Мы видели эту обломанную дощечку каждый день, но не придавали ей того значения, которое, видимо, волновало незнакомца.
Что такое гланды, я точно не знала, но, кажется, это была какая-то болезнь... Юноша отнесся к моему предположению с недоверием:
— Невже то якась хвороба? — Он был разочарован.
— А ты что думал?
— Я так располагал, шо гланды — то якись буржуи; чи мешочники... Воны удаляються геть з нашого общества.
— Нет, все проще, — сожалея, сказала я.
— А ка-це-нелен...
— Просто фамилия врача.
— Ни, цього не бувае, — решительно возразил парень. — Тут щось друге.
Он вытащил из-за голенища потрепанную тетрадочку, согнутую пополам, как это делают для записи иностранных слов. Послюнив карандаш, он записал на чистой странице старательным ученическим почерком: «Гланды». Перевернул несколько страниц и записал: «Каценеленбоген». Мои объяснения он игнорировал, и я предложила ему:
— Пойдем со мной, там тебе все объяснят.
Я полагала, что Котька Пискавер просветит любознательного незнакомца.
— Как тебя звать? — спросила я.
— Гнат Хвильовий.
Я толкнула незапертую дверь, и мы вошли.
В коридоре меня встретил Гришка, который торгует сахарином.
— Там сидит ваш дядя, — сообщил он мне и добавил злорадно: — Он, кажется, буржуй.
— Какой буржуй? Какой буржуй? — раскипятилась я. Но рассказывать Гришке о дяде? Я не собиралась метать бисер перед свиньями и молча прошла в нашу комнату.
В коммуне был большой парад: зажгли все три бра, доставшиеся нам в наследство от бывших хозяев.
Дядя сидел на табурете, заложив нога на ногу. И действительно было похоже, что он буржуй. Во всяком случае, на нем были носки. Полосатые носки. Как при царизме.

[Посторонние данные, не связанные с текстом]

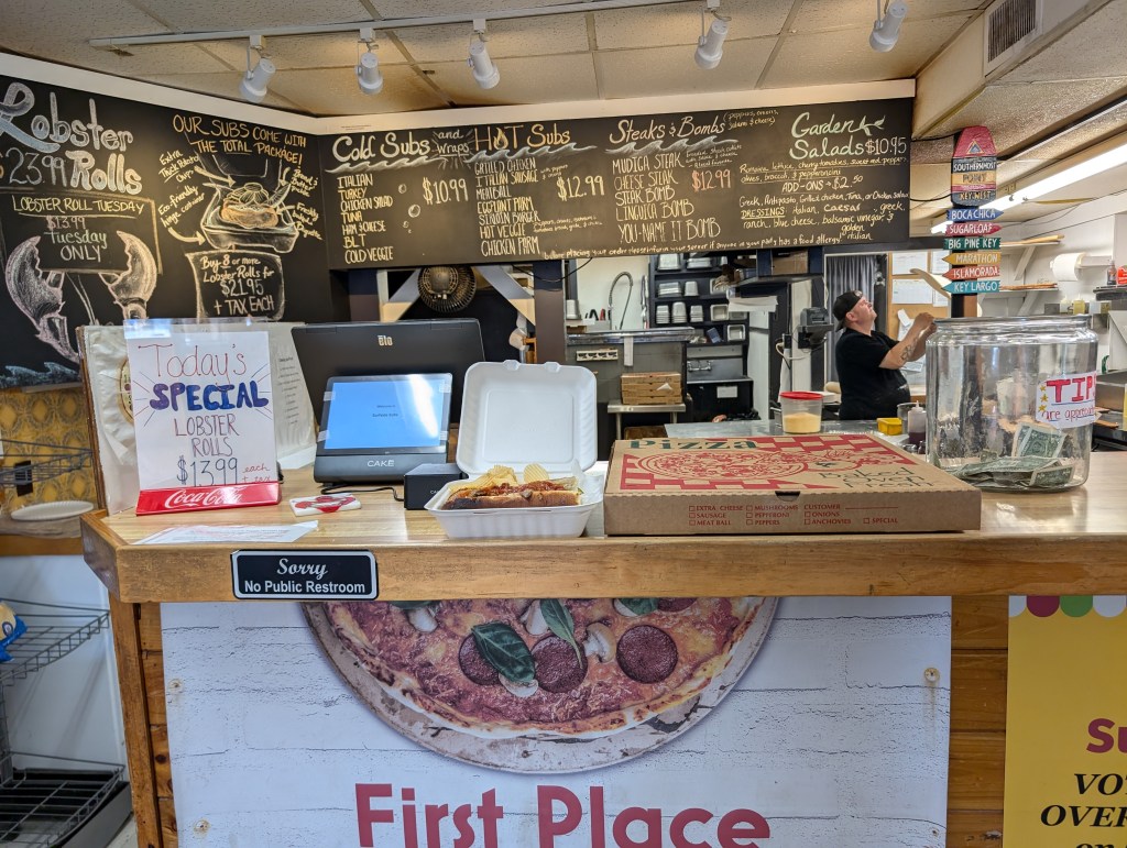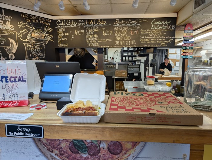 Customers lined up one fall day for mudiga steak subs, turkey subs, tuna salad, pizzas, and yes, lobster rolls, which are on special this week. Also pizza. Buy any pizza and get a second one for $5, scrumptious fresh and hot. Too much? When you’re cold and missing a Long Beach Surfside slice, you’ll be happy you bought an extra to wrap and freeze for later.

Дядя в пенсне на длинном хрящеватом носу и в носках сидел на табурете посреди комнаты, словно видение из другого мира, а вокруг на койках разместились наши коммунары, и все таращили на дядю глаза.
Я хотела назвать его по имени, отчеству — не могла же я самым мещанским образом ляпнуть: «Здрасте, дядя!» Но от волнения забыла, как звали дедушку, отца моей мамы. И потому сказала:
— Здравствуйте, товарищ Лупанов!
Дядя удивился и ответил:
— Здравствуй, товарищ Лелька!
А Котька Пискавер ни с того ни с сего захохотал. Котька был в коммуне недавно. Мы его вырвали из мелкобуржуазной стихии. Стихия была у него дома. Дело в том, что Котькина мама занималась тем, что делала корсеты нэпманкам.
Корсеты были в наших глазах такой же неотъемлемой частью капитализма, как, скажем, прибавочная стоимость. И мы не могли мириться с тем, что наш товарищ Котька, самый лучший оратор в нашей школьной ячейке, будет вариться в буржуазном соку своей семьи.
Мы постановили: предложить Котьке публично отречься от матери, которая делает предметы роскоши для толстых нэпманок, и отца, который частным образом штампует крючки, кнопки и еще какие-то запчасти для этих корсетов.
Но Котька отказался. Не по каким-нибудь идейным причинам. «Я, — говорит, — публично про корсеты говорить не буду. Это если бы у меня родители были попы, служители культа, тогда надо было бы публично отрекаться, как от опиума для народа. Чтобы использовать трибуну для антирелигиозной агитации».